Tout l’été, Matthieu Piganiol a eu les yeux rivés sur la météo. En pleine rénovation de la toiture de son atelier d’Aurillac, le PDG de la manufacture familiale espérait qu’il ne pleuve pas. Un comble pour un fabricant de parapluies ! «C’est bien la seule fois de ma vie que je ne veux aucune goutte pendant un mois», confirme le représentant de la cinquième génération aux commandes de la Maison Piganiol. L’usine, construite sans isolation avant le premier choc pétrolier, doit s’adapter et se doter de panneaux solaires. «Nous serons moins dépendants d’un coup de Poutine», espère le quinquagénaire. Et tant pis pour la trêve estivale !

Faire une croix sur les vacances, c’est le sort de bien des combattants du Made in France. Et un détail, en comparaison des difficultés récurrentes qu’ils doivent surmonter : trésorerie en tension, accident de fabrication, défaillance de sous-traitant… En 2025, plus de 67 000 entreprises ont déposé le bilan, selon Altares. «C’est 20 000 de trop», soulignait Arnaud Montebourg, qui avait œuvré, lorsqu’il était au gouvernement, à la création des commissaires au redressement productif et la réactivation du Fonds de développement économique et social (FDES).

Pénurie de main d'oeuvre et crises à répétition

Personne n’oublie son coup de communication. Souvenez-vous de la Une du «Parisien Magazine», en 2012, où marinière Armor Lux sur le torse, l’homme politique promouvait le fabriqué en France. L’image fait encore sourire, mais elle a braqué les projecteurs sur la filière, où s’embarquaient dans une même aventure les survivants des délocalisations des années 1990, ainsi que de jeunes entrepreneurs en quête de sens.

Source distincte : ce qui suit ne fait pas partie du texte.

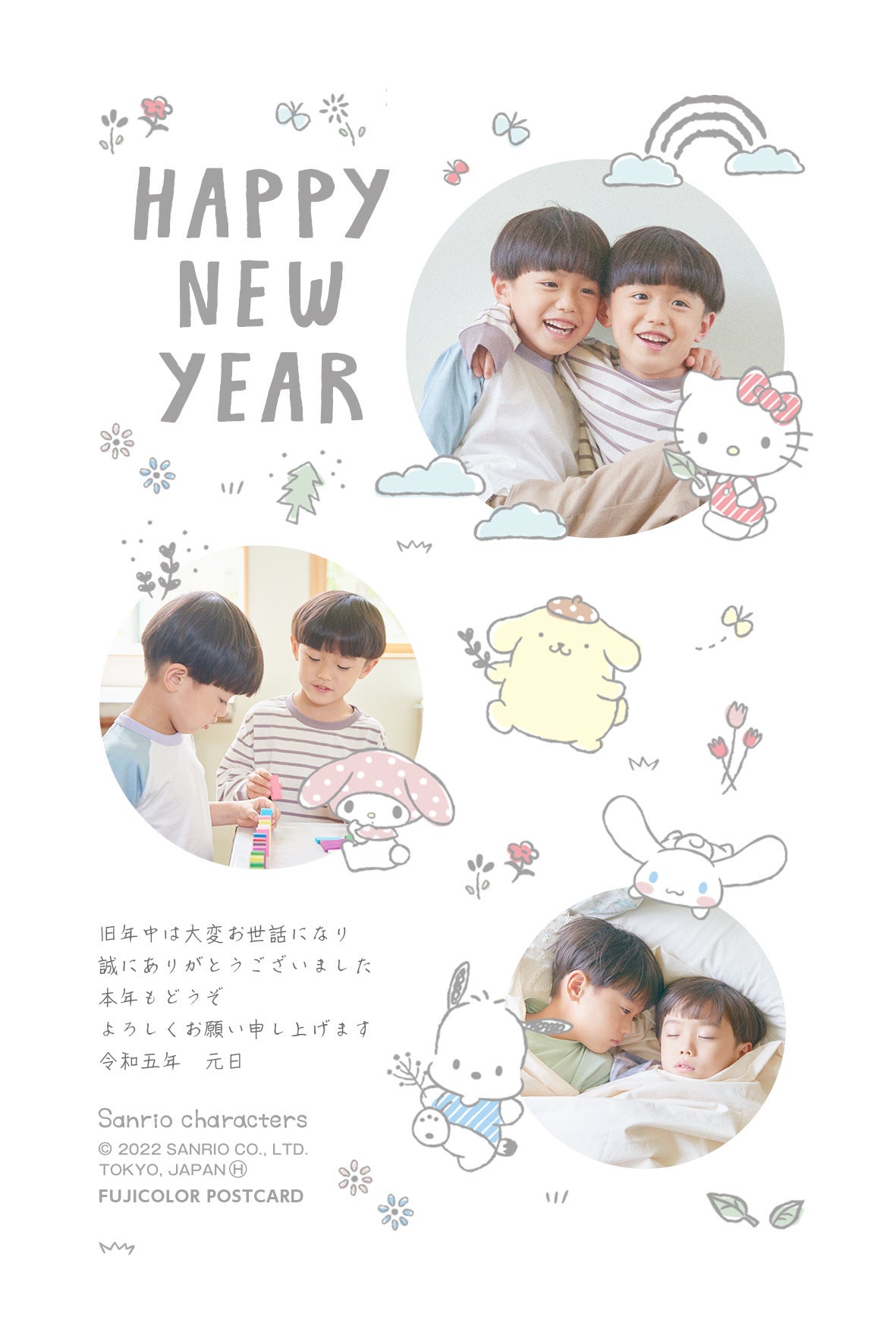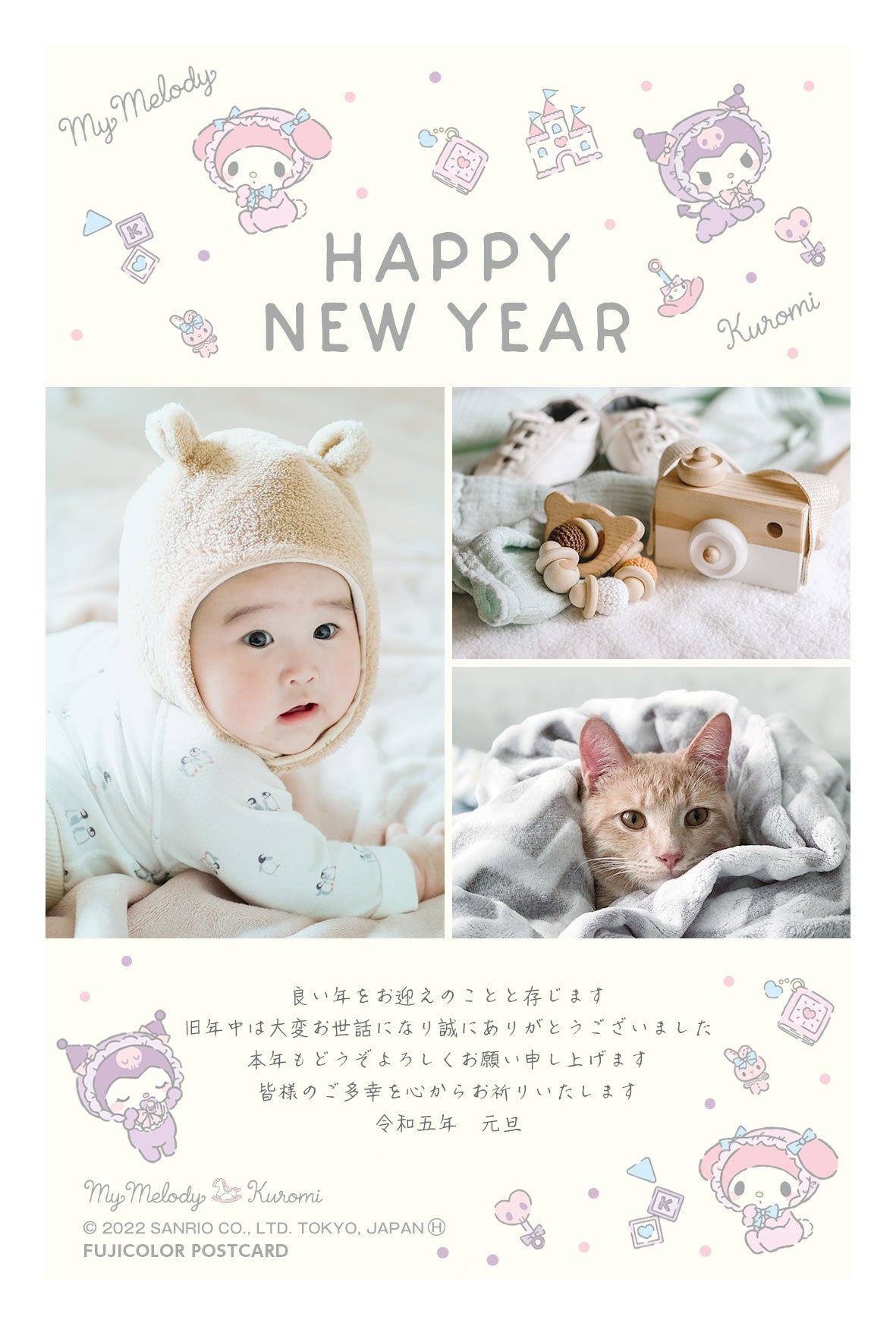 マイメロディやクロミ、ハローキティに加え、ポチャッコやシナモロール、ポムポムプリンなども登場します。サンリオキャラクターはお子様のお写真との相性も抜群です。サンリオキャラクターファンはもちろんのこと、そうでない方にも2023年の始まりのご挨拶にぴったりな必見のデザインとなっておりますのでお好みに合わせてお選びください。
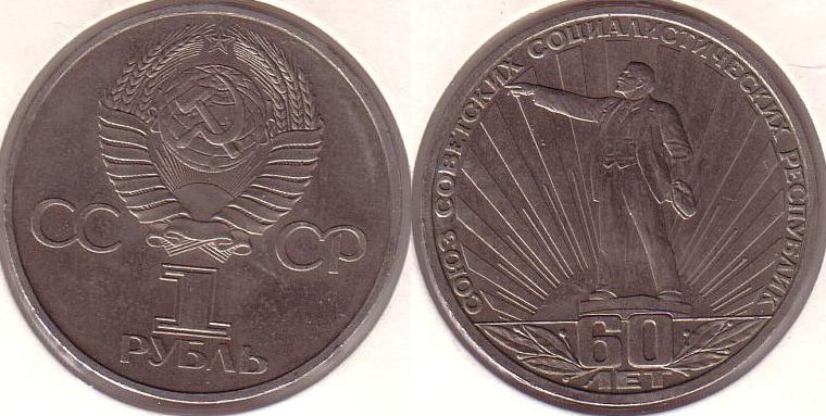 R/ Lenin in piedi davanti al sole che sorge. In esergo l’indicazione “60 anni” in russo fra allori, a ricordo del 60° anniversario della nascita della Repubblica Federale Sovietica Russa (che nel 1924 diverrà poi l’Unione Sovietica). Lungo il bordo superiore, la scritta che significa “Unione delle Repubbliche Socialiste Sovietiche”.

Treize ans plus tard, certains lui rendent hommage. «ça a été un déclic, il a dépolitisé le made in France : c’est grâce à Montebourg que le bleu-blanc-rouge est redevenu un totem commun», reconnaît Thomas Huriez, le fondateur des jeans 1083. Or aujourd’hui, plus que jamais, entre le dumping chinois et le protectionnisme américain, la souveraineté industrielle peut à nouveau servir de projet de société.

Pénurie de main d’œuvre. Mais l’euphorie des débuts s’est heurtée à la réalité du terrain. Face à la pénurie de main d’œuvre, au manque de culture industrielle, ou au naufrage de plusieurs filières, certains ont vacillé. La Carte Française a disparu, le fabricant de lingerie 7Fashion a été liquidé, Daan Tech, qui avait pourtant vendu près de 70 000 de ses lave-vaisselle Bob, traverse une mauvaise passe. Beaucoup d’autres ont baissé le rideau à bas bruit. Même les jeans 1083 serrent les fesses depuis deux ans. «Après dix années de croissance rentable, la défaillance d’un de nos sous-traitants nous a fait perdre 50% de notre production et a désorganisé toute la chaîne d’approvisionnement», indique Thomas Huriez. Depuis, les ennuis s’enchaînent. Baisse du chiffre d’affaires, perte de l’assurance-crédit… Le mal est sévère. Après un trou de 500 000 euros dans les comptes 2023, la marque a de nouveau terminé dans le rouge en 2024. Tout l’été, le fondateur et ses soutiens se sont battus pour échapper au redressement judiciaire. «Deux années usantes», résume l’entrepreneur de 44 ans.

Relocaliser ou produire en France est un choix qui pèse sur la rentabilité de ces entreprises

Il faut dire que pour rester compétitifs, malgré des coûts de production élevés, ces acteurs ont dû inventer un modèle plus intégré, par exemple en favorisant la vente directe, ou parfois en s’occupant aussi de l’amont. Et pour que leurs produits ne deviennent pas inaccessibles, ils ont aussi rogné leurs marges. «Si on n’avait pas fait le choix de relocaliser la fabrication de notre Fabrique à histoires, on aurait pu générer deux à trois millions de résultat en plus, et on aurait été rentables en 2021», dévoile Maëlle Chassard, coprésidente de Lunii, qui commercialise des conteuses interactives et baladeurs. Autant d’efforts louables, mais qui rendent ces PME et ETI plus fragiles et sensibles aux soubresauts de l’économie.